ACTIVITY:
What is needed is an exact copy of the lines in the entries below from the one holding "2022年3月5日是第59个" through the one holding "Крабовые палочки режем", pictures excluded.

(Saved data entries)
-- -- --
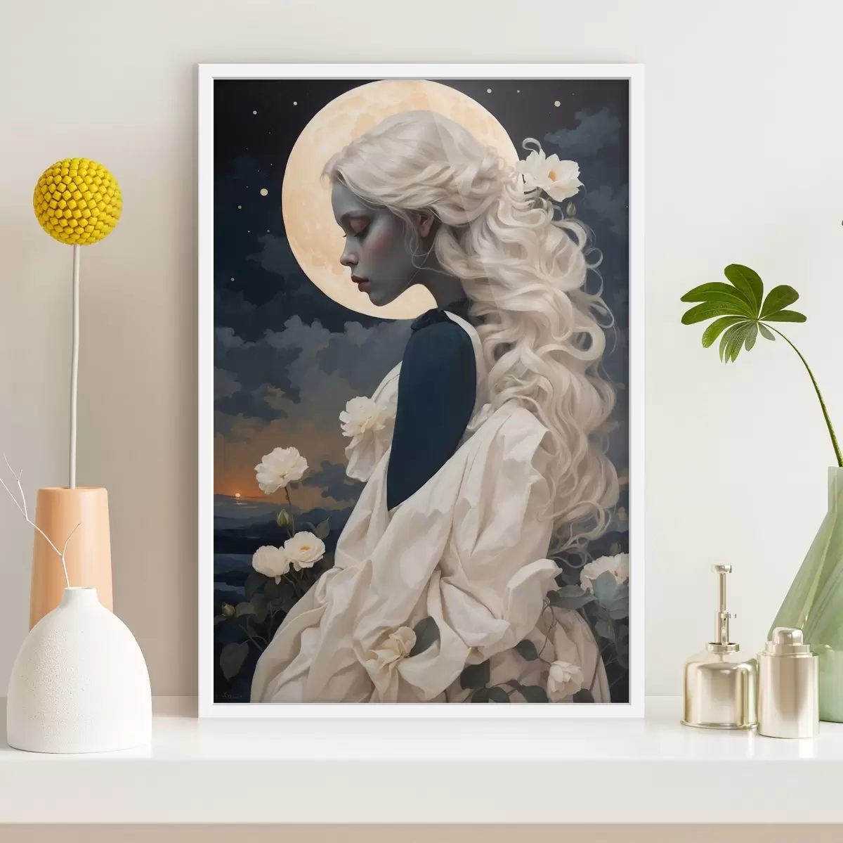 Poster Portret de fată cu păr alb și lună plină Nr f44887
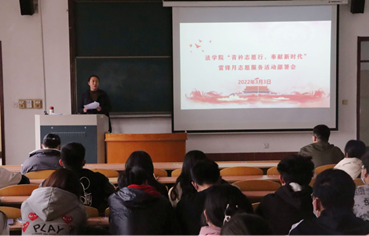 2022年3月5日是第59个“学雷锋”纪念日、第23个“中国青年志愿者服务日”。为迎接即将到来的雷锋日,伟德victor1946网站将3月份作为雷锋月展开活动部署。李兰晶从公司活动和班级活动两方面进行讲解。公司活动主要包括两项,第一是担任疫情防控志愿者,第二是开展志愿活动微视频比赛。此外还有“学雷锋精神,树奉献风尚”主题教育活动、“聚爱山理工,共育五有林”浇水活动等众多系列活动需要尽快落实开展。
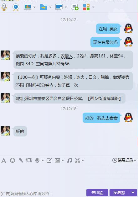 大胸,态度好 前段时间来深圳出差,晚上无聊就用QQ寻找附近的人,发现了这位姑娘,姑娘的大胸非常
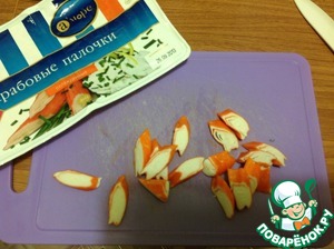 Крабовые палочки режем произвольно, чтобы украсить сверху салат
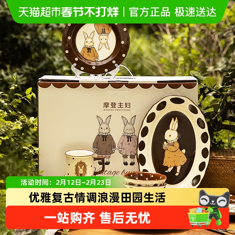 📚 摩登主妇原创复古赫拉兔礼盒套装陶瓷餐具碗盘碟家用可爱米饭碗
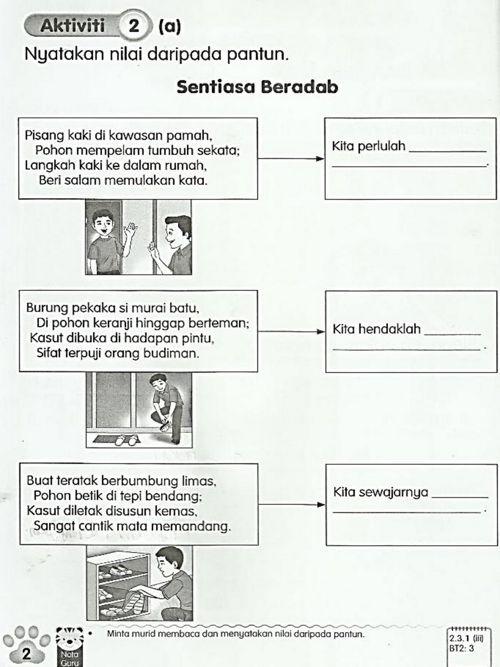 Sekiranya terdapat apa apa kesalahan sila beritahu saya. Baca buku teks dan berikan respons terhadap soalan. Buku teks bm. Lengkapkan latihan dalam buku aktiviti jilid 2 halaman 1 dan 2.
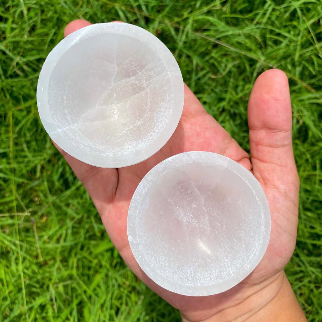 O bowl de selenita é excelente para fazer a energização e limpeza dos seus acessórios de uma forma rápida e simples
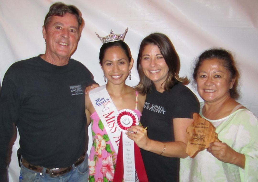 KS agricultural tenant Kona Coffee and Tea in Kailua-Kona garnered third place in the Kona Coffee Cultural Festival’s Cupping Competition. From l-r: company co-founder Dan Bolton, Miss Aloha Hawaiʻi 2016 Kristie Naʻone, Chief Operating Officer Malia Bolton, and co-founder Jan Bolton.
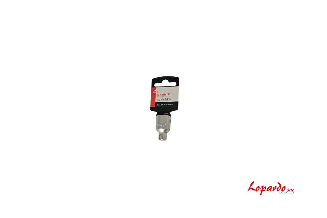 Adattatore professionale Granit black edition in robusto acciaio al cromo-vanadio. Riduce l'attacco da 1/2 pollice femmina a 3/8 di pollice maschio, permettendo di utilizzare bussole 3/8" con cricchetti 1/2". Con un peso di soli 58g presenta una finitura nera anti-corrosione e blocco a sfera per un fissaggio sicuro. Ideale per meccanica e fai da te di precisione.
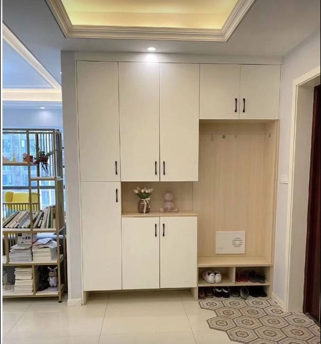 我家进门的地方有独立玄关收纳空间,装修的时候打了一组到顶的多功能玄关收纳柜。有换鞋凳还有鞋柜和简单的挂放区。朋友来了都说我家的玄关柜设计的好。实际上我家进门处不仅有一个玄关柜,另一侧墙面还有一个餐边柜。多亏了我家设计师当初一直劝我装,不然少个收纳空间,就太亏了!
-- -- --
ANSWER SECTION:
 2022年3月5日是第59个“学雷锋”纪念日、第23个“中国青年志愿者服务日”。为迎接即将到来的雷锋日,伟德victor1946网站将3月份作为雷锋月展开活动部署。李兰晶从公司活动和班级活动两方面进行讲解。公司活动主要包括两项,第一是担任疫情防控志愿者,第二是开展志愿活动微视频比赛。此外还有“学雷锋精神,树奉献风尚”主题教育活动、“聚爱山理工,共育五有林”浇水活动等众多系列活动需要尽快落实开展。
 大胸,态度好 前段时间来深圳出差,晚上无聊就用QQ寻找附近的人,发现了这位姑娘,姑娘的大胸非常
 Крабовые палочки режем произвольно, чтобы украсить сверху салат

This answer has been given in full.